- _Recorded information_
══════════════════════════════
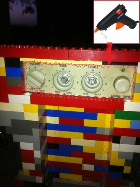 Pegué la parte delantera, el Panel de Control usando hotglue en los ladrillos de Lego alrededor de él.
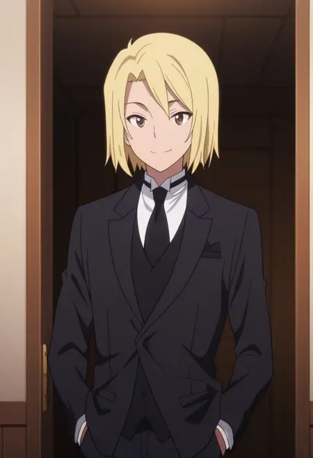 quenser, 1名男孩, 男性焦点, 单人, 棕色眼睛, 金色头发, 西装, 衬衫, 白色衬衫, 有领衬衫, 领带, 黑色领带, 背心, 黑色背心, 外套, 黑色外套,
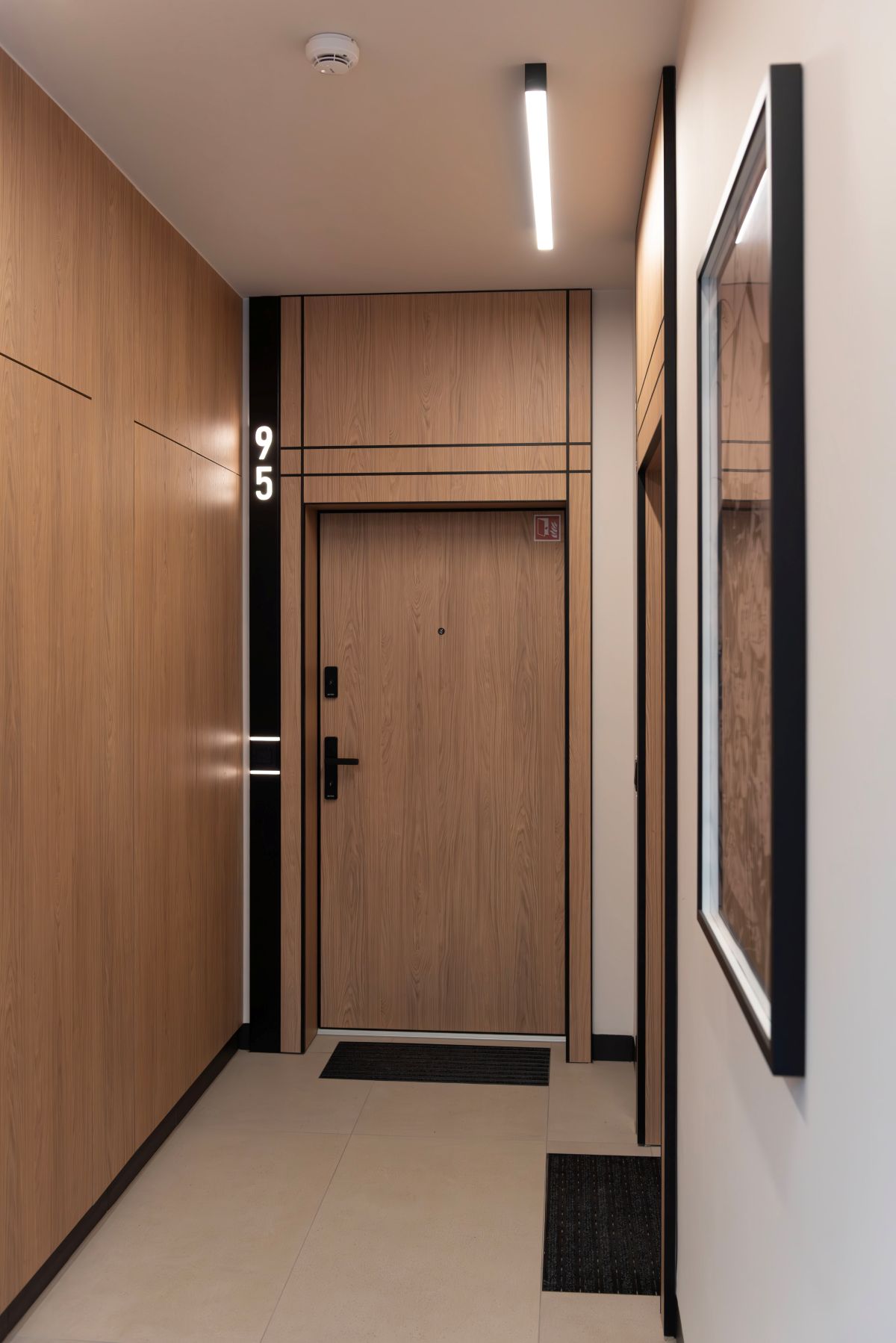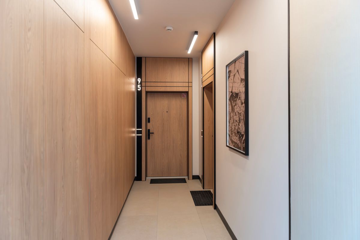 Wizualnie to jednak coś więcej. Każdy element został dogłębnie przemyślany. Skrzydła drzwiowe wykończone w ciepłym odcieniu drewna doskonale korespondują z przestrzenią. Zabudowy na indywidualne zamówienie z czarnymi intarsjami stanowią ciekawy wyróżnik, a całość w perfekcyjny sposób współgra ze stonowanymi barwami korytarza.
══════════════════════════════
- _What is needed_
Exclude the pictures. Write out the remaining data exactly.

- _Answer section_
 Pegué la parte delantera, el Panel de Control usando hotglue en los ladrillos de Lego alrededor de él.
 quenser, 1名男孩, 男性焦点, 单人, 棕色眼睛, 金色头发, 西装, 衬衫, 白色衬衫, 有领衬衫, 领带, 黑色领带, 背心, 黑色背心, 外套, 黑色外套,
 Wizualnie to jednak coś więcej. Każdy element został dogłębnie przemyślany. Skrzydła drzwiowe wykończone w ciepłym odcieniu drewna doskonale korespondują z przestrzenią. Zabudowy na indywidualne zamówienie z czarnymi intarsjami stanowią ciekawy wyróżnik, a całość w perfekcyjny sposób współgra ze stonowanymi barwami korytarza.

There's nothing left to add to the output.